The concern about tampering or undisclosed backdoors is not new (Beijing has raised it for years about any imported US technology), but the routed-through-US shipping structure makes it concrete and recent. Whether the security concern is real or pretextual is essentially the wrong question. It is both. The shipping route gives Beijing a defensible reason to do what its industrial policy already wants, which is to redirect demand to domestic suppliers.
The demand-side collapse Huang has already conceded
Huang has said publicly that Nvidia's share of AI accelerators in China has effectively fallen to zero. That figure was hard to credit twelve months ago and is largely uncontested now. Pre-controls, Nvidia held 95% of the Chinese advanced-chip market and China represented 13% of company revenue. Huang estimated the country's AI market at $50 billion this year. The first number is gone. The second is close to gone. The third may turn out to have been the bet Huang was protecting with the H200 carveout, and may already have been lost.

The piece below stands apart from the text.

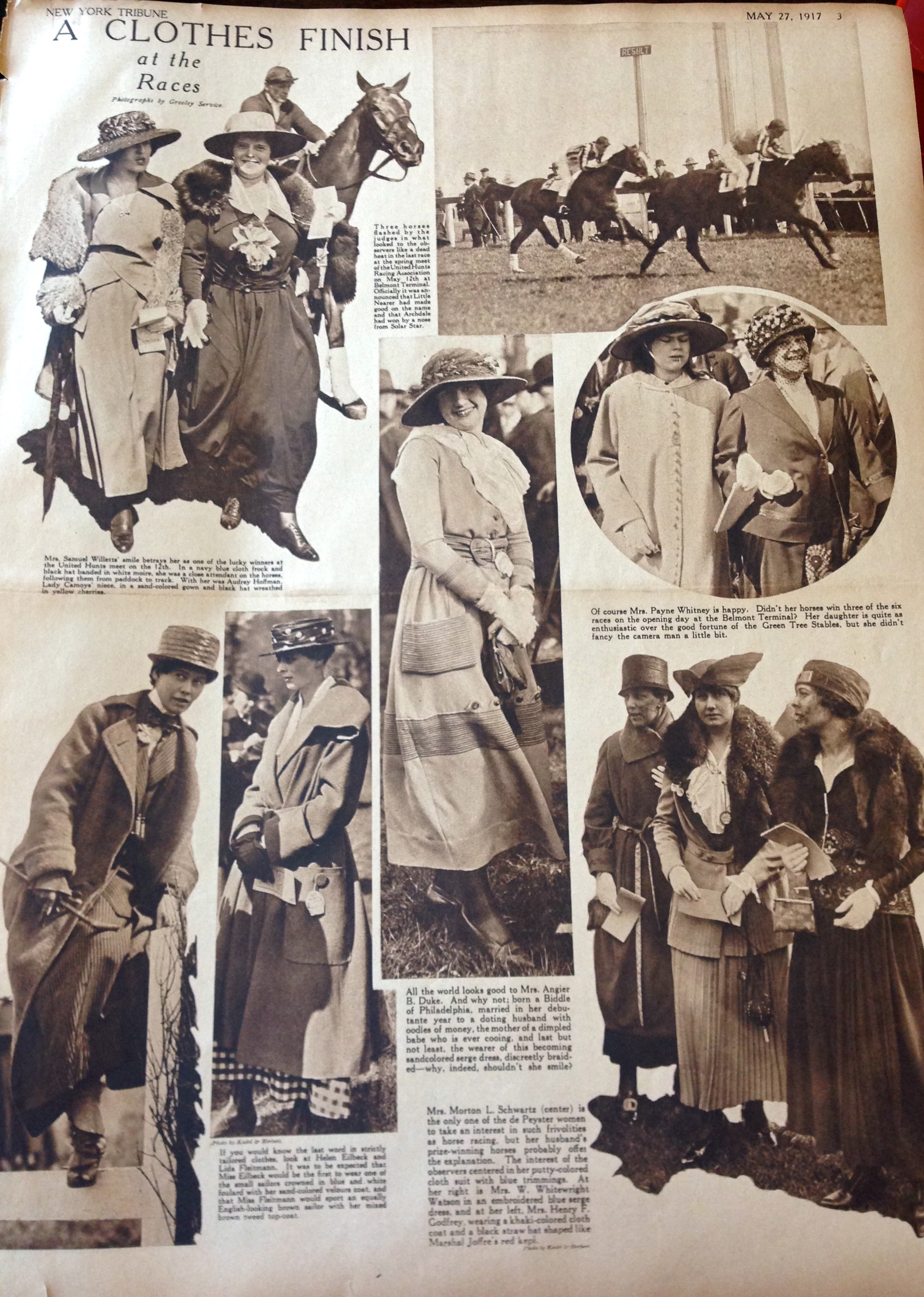 I found a nearly century-old 1917 page from The New York Tribune featuring a day at the Belmont races. Some very fun fashions on display.

The replacement is not theoretical. DeepSeek, the most internationally visible Chinese AI lab, has spent the last year actively touting its move to Huawei Ascend silicon. Chinese cloud providers have followed. Even where the domestic chips lag Nvidia on raw performance (and they still do at the frontier), the supply-security argument now beats the performance argument inside Chinese procurement. That is the demand shift Huang flew to Beijing to try to reverse. It is not clear what he could offer that would.
The Washington half of the bind
Huang also has a hawkish chorus at home. Chris McGuire of the Council on Foreign Relations, quoted by Reuters, put the case bluntly: "Any deal that allows Nvidia to sell more chips to China means fewer Nvidia chips for US firms, and a smaller US lead in AI over China. It is remarkable that President Trump keeps getting convinced to put Nvidia's interest ahead of America's." That argument carries inside the White House on alternating weeks. The 25% revenue cut is what keeps it from carrying every week.

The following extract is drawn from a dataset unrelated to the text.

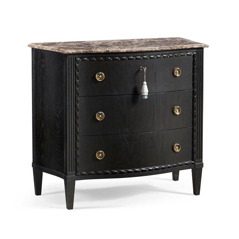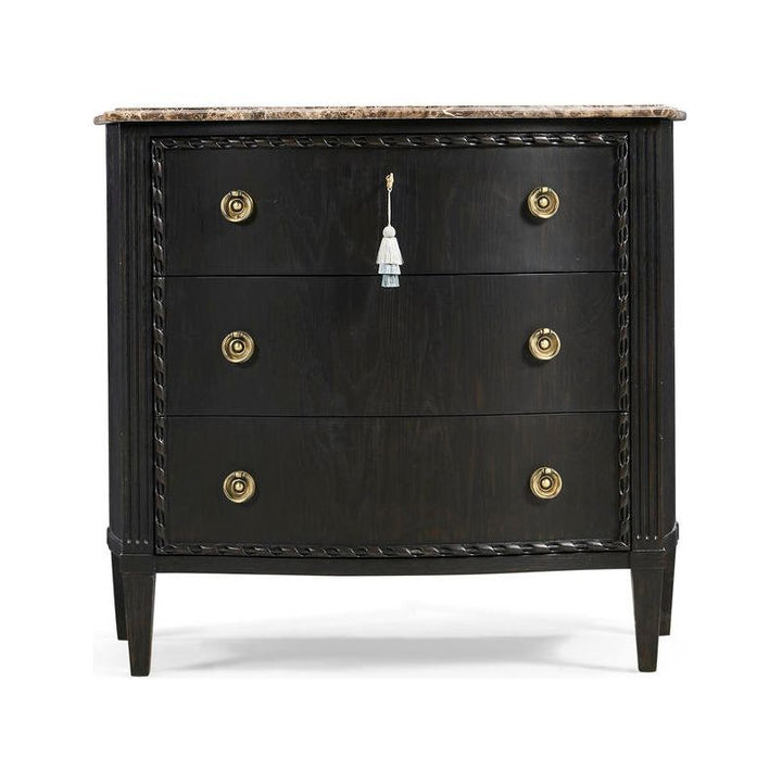 Description: Three (3) drawers for storage.Drawers are framed with a carved rope detailing.Cast brass ring pulls feature decorative backplates.Honed Emperador stone top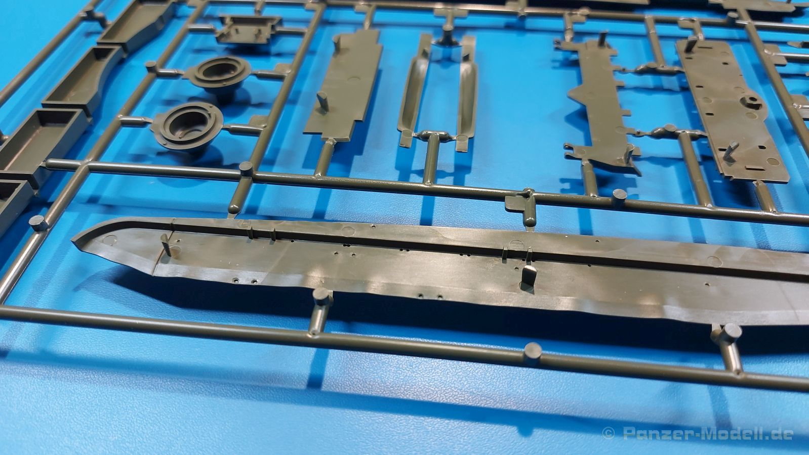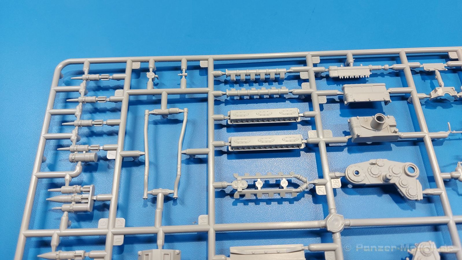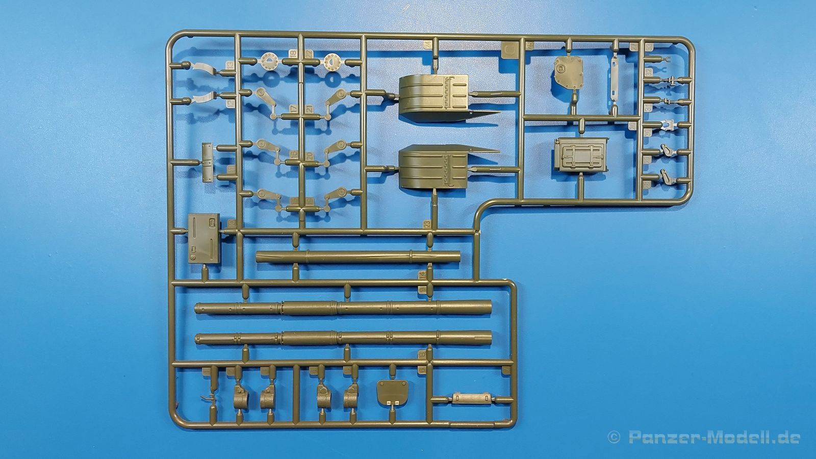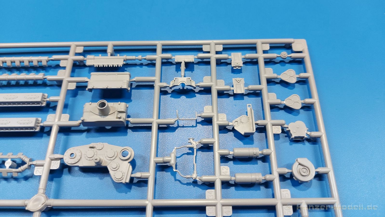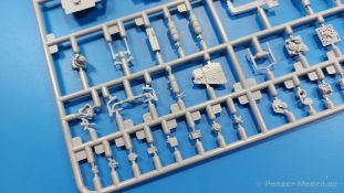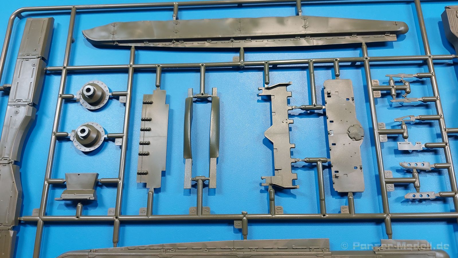 Der Bausatz: Nicht nur im Original gibt es jede Menge T-72. Modellbauer können sich sicherlich nicht über Mangel an entsprechenden Modellen beschweren. Amusing Hobby hat dem ganzen noch einen draufgesetzt und den ersten T-72 mit vollständiger Inneneinrichtung (Fahrer-, Motor- und Kampfraum inkl. Ladekarussel und -mechanismus) auf den Markt gebracht. Auch dieser T-72 AV Bausatz ist voll ausgestattet. Um die ganzen Spritzlinge aufzunehmen, ist der Karton mit 400 x 260 x 120 mm auch etwas größer ausgefallen. Er enthält 54 Spritzlinge (in olivgrün, hellgrau, braun und durchsichtig), die Unterwanne, Turm, 1 Metallfeder, 1 PE-Platine, 1 Kabel, 1 Draht, 1 Abziehbilderbogen und die Bauanleitung. Im Standard der heutigen Zeit ist die Qualität der Teile ausgezeichnet. Scharfe Details, teils kleine und feine Teile, kein Verzug oder Versatz vorhanden. Es gibt zwar Auswerferspuren, aber nur dort, wo sie nach dem Zusammenbau nicht mehr zu sehen sind. Einige hervorstehende Auswerferreste auf manchen Teilen, hier z.B. an den Innenseiten der Kettenschürzen und dem Grabschild, sollten aber entfernt werden, da die Teile sonst nicht korrekt montiert werden können. Das Klarsichtteile für die Scheinwerferscheiben sind schön geriffelt, die Gussstruktur am Turm ist glaubhaft wiedergegeben und wenn man genau hinsieht, sieht man Gussnummern an den Kettengliedern. Die Spritzlinge sind farblich getrennt - Olivgrün für den eigentlichen Panzer, Hellgrau für die Inneneinrichtung und Braun für die Kettenglieder und -bolzen. Schauen wir uns mal die Wanne an. Sie besteht aus einem Teil, das Unterboden und die Seitenteile beinhaltet. Grad der T-72-typische und auffällige Unterboden ist sehr gut dargestellt. Öffnungen für Wartungsdeckel und Notausstiegsluke sind vorhanden. Innen sind zwar mehrere Auswerferspuren zu sehen, aber diese werden wohl komplett von der Inneneinrichtung verdeckt. Die Inneneinrichtung ist ein Modell für sich. Beginnend beim Fahrerraum mit der gesamten Pedalerie, sämtlichen Instrumenten, dem hervorragenden Fahrersitz über die Munitionskästen, Staukästen, Feuerlöscher bis zum unglaublich gut dargestellten Karussell des Autoladers, in dem verschiedene Munitionssorten optional eingesetzt werden können, ist alles vorhanden. Auch im Heck ist der Dieselmotor mit Turboaufladung, sowie der Kühler (der Lüfterpropeller ist ein echter Hingucker!), die Treibstofftanks und das Getriebe vorhanden. Es sind ebenfalls Luftfilter, die Lichtmaschine, wichtige Leitungen und Verstrebungen dargestellt. Auch der Turm ist vollständig eingerichtet. Der Bau des Turmes beginnt mit dem Bau der 125mm Kanone 2A46(D-81). Hier werden zunächst der Verschluss und der Rest der Waffenanlage zusammengesetzt, dann folgen der Richtschützen- und der Kommandantensitz und diverse Anbauteile. Viele Teile der Ladeautomatik wollen auch zusammengesetzt werden. Der Turm besteht aus einer Innen-, einer Außenschale und einem Turmdrehkranz. Zusätzlich wird noch ein Teil des Turmdaches separat eingesetzt. So erreicht man einen ungeheuren Realismus in der Materialdicke. Zudem sind zum Beispiel alle Schutzpolsterungen und Nietungen genauestens dargestellt. Natürlich können alle Luken offen dargestellt werden, und die Maschinengewehre (Koaxial und Flugabwehr) sind mit offenen Rohrmündungen wiedergegeben. Die Optiken des Richtschützen und des Kommandanten, sowie die Funkanlage kann sich wirklich sehen lassen. Beim Fahrwerk werden die Drehstäbe (mit den angegossenen Schwingarmen) in die hervorragend wiedergegeben Unterwanne geklebt, und bleiben beweglich. Dadurch kann das Modell auch an unebene Untergründe angepasst werden, und macht in jedem Diorama eine gute Figur. Auch die Trieb-, Leiträder, Lauf- und Stützrollen sind sehr schön wiedergegeben und setzen sich erfreulicherweise aus nur wenigen Teilen zusammen, ohne hier an der Detaillierung zu sparen. Die Ketten sind als Einzelgliedketten ausgelegt. Schaut man sich die Glieder näher an, entdeckt man in den Riffeln der Außenseite feinste Gussnummern. Jede Seite benötigt fünfundneunzig Kettenglieder. Diese befinden sich an achtundzwanzig Spritzlingen zu je 8 Gliedern, die einzeln abgetrennt und versäubert werden wollen. Die Kette soll voll beweglich bleiben. Dies wird mithilfe der Bolzenlöcher in den Gliedern und separaten Bolzen erreicht. Die Kettenbolzen befinden sich an sieben eigenen Gussästen. Diese können zu Gruppen aus je zwei Bolzen bzw. vier Bolzen ausgeschnitten werden und mit Hilfe einer Montagehilfe, in welche die einzelnen Kettenglieder eingelegt werden, in die Bohrungen der einzelnen Glieder eingesetzt werden. Der Kettenbau wird sicherlich einen gewissen Teil der Arbeit an diesem Bausatz ausmachen. Die Heckplatte hat bereits einen großen Wartungsdeckel mit fünf Schraubenköpfen angegossen. Zwei Ersatzkettenglieder plus deren Halterungen und zwei Bergehaken bringt man beidseitig des Wartungsdeckels an. Der typische Bergebalken fehlt natürlich auch nicht. Er zeigt Trocknungsrisse des Holzes, aber kaum eine Maserung. An den oberen Rand kommen die Halterungen für die Kraftstofffässer. Die typischen Heckfässer sind im Slide-Mould-Verfahren hergestellt, haben bereits die Haltebänder und Leitungsanschlüsse bereits angegossen und werden nur mit den Seitenteilen komplettiert. Die typischen Treibstoffleitungen, welche zum Motor führen, werden mit Hilfe einer Spiralfeder mit eingelegtem Draht simuliert. Die Bugplatte besteht aus drei Platten - Innenplatte mit Elementen der Inneneinrichtung, der eigentlich Panzerplatte und einer Zusatzpanzerplatte. Auf diese Zusatzpanzerplatte werden die Kacheln der Reaktivpanzerung, bestehend aus Einzel- und Gruppenelementen, aufgesetzt. Die Fahrscheinwerfer sind ausgehöhlt und bekommen geriffelte Klarsichtgläser. Die Scheinwerferhalterung sind etwas „komisch“ aufgeteilt. Man klebt die geteilten Gestänge stumpf aufeinander. Die Kettenbleche sind bereits an der Unterwanne angegossen. Es kommen einige Verst

So the H200 carveout sits in an unstable equilibrium. Washington hardliners want it cancelled. The administration wants the revenue. Beijing does not want the chips delivered. Chinese firms want them but have been told to wait. Nvidia wants the revenue and is being told publicly by its own CEO that the underlying market has already moved past it. The trip with Trump is essentially Huang trying to break the equilibrium in his direction before it breaks in someone else's.
What to watch
Any actual delivery in the next sixty days. A single confirmed shipment to any of the ten approved buyers would signal Beijing has decided to let the H200 in, probably in exchange for something extracted at the Trump-Xi meeting. Continued zero deliveries through summer is the more probable outcome and confirms the market is closed regardless of the licence count.
Huawei Ascend roadmap signals. Huawei's next generation, expected to sample later this year, is the chip that decides whether the domestic-substitution thesis holds at the frontier. If it underwhelms, Chinese hyperscalers may quietly accept the H200 after all. If it ships on or ahead of schedule with credible inference performance, the H200 carveout is moot.

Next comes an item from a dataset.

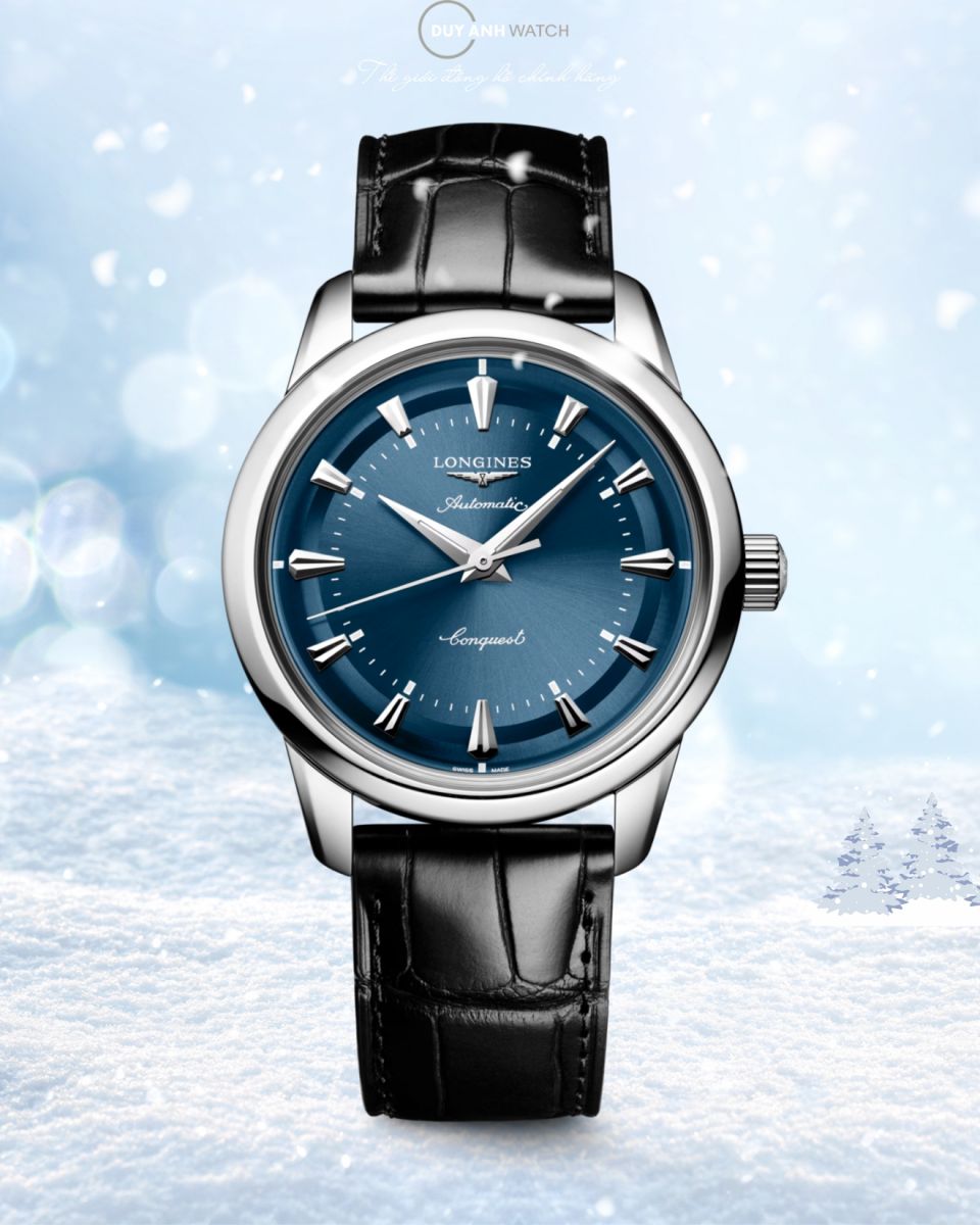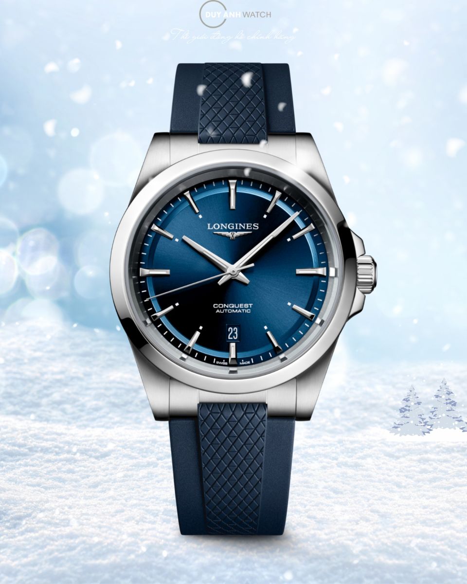 Longines Conquest L3.830.4.92.9 là mẫu đồng hồ lý tưởng cho mùa đông với vẻ vừa thể thao vừa tinh tế. Vỏ thép 41 mm chắc chắn, kết hợp với dây cao su xanh và mặt số sunray xanh dương tạo cảm giác năng động nhưng vẫn thanh lịch. Máy tự động Longines calibre L888 dùng lò xo silicon, trữ cót đến 72 giờ, đảm bảo hoạt động bền bỉ. Đồng hồ còn có khả năng chống nước đến 10 bar (100 m), kính sapphire chống xước và lớp chống phản chiếu, rất phù hợp để sử dụng trong nhiều hoàn cảnh mùa lạnh.

Nvidia's China revenue line in the next two quarterly reports. Whether the H200 carveout produces measurable revenue, or whether it becomes the explicit acknowledgement, in a 10-Q, that the market is gone.
Trump-Xi readouts. Any sign that chip access has been traded for something else (tariffs, agriculture, Taiwan-adjacent posture) reframes the H200 deal as a bargaining chip rather than a commercial product, which is how Beijing has likely viewed it from the start.